Virgin Islands radio owner Jonathan Cohen says he reconsidered his offer to put Tracht on the air after being convinced it would do more harm than good. But, he adds, he was angry about being forced into that decision.

"It's a political year here," he says. "A lot of people are using this to gain some momentum in the upcoming election."

If Joe Madison were a radio station program director, would he hire Tracht?

"As a black man with a social conscience, no, absolutely no," he says. "Now, if I were a white PD in a predominantly white city who had no social conscience and was only thinking about the buck, then I might."

Reaching Out

Soon after his firing, Tracht switched on a radio at home. He heard the Rev. Crosby Bonner, pastor of the nondenominational Love International Church in Springfield, home to 1,000 souls and one radio show.
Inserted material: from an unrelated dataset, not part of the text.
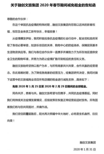 1月31日,融創(chuàng)文旅集團(tuán)發(fā)布公告稱(chēng),為降低商家經(jīng)營(yíng)壓力, 對(duì)旗下運(yùn)營(yíng)中的文旅城商業(yè)項(xiàng)目所有店鋪的租金進(jìn)行減免支持,免除2020年1月25日至2020年2月29日期間的全部租金。

Bonner was talking to Louvon Byrd Harris, sister of the slain James Byrd Jr. Tracht called the show and asked for Harris's forgiveness.

Harris said on-air that she could forgive Tracht but couldn't speak for the rest of her family.

The next day, Tracht and his wife, Anita, came to the church and met Harris. That began a surprising friendship. Harris and Anita Tracht now talk on the phone at least once a week. The Trachts set up a gospel event for Byrd's family at the House of Blues restaurant in Los Angeles.

A year ago, though, things were much different.

"The whole family was upset" when they heard about Tracht's slur, Harris says. "We heard he was apologizing on TV and our first reaction was, 'He's trying to get publicity to cover what he said.' Our family was very accessible; he could have picked up the phone directly to call us. So we thought this was more of a media stunt than anything."

Today, Harris says her family won't carry a grudge against Tracht.

"A lot of times we try to judge what's inside of a person, but the best way is to let them go out there and see what they're going to do."

Doug and Anita Tracht joined Love International. Tracht emphasizes: He is no Holy Roller but points to his heart and says, "Something's going on in here.

"No one wants to forgive because they realize they're going to have to make some changes in themselves first," Bonner says. "That legislator [who protested his hiring] over in the islands has never even heard Doug, but she won't even listen."

Madison knows that Tracht has spent the past year seeking atonement, but he wonders if Tracht still just doesn't get it.

"I believe in redemption, but this country can't afford a Greaseman," says Madison, who spent a pleasant afternoon with Tracht, Newman and others aboard Tracht's boat last spring.

"We've come through slavery, we've come from being recognized as less than human, we've struggled through Jim Crow, segregation, civil rights. We've come too far to go back."

The Albatross

Maybe, Tracht thinks, it's time to move on. He's considering setting up an Internet-only broadcasting studio in his basement. He just wants to get back on the air. He needs to be the Greaseman again.

Two weeks ago, just before heading to St. Croix, Tracht again appeared on "BET Tonight," hosted by Tavis Smiley.

Smiley told his viewers of Tracht's attempted return to radio. The host demanded to know what Tracht had done to prove he was sorry for what he said. The callers were angry and upset. For the first time in the year since his exile began, Tracht was combative.

"Let me down off this cross, will you?" Tracht told one caller.

After the show, in a dark parking lot outside BET's Northeast Washington studio, Tracht exhaled heavily and asked, "This can't go on forever, can it?"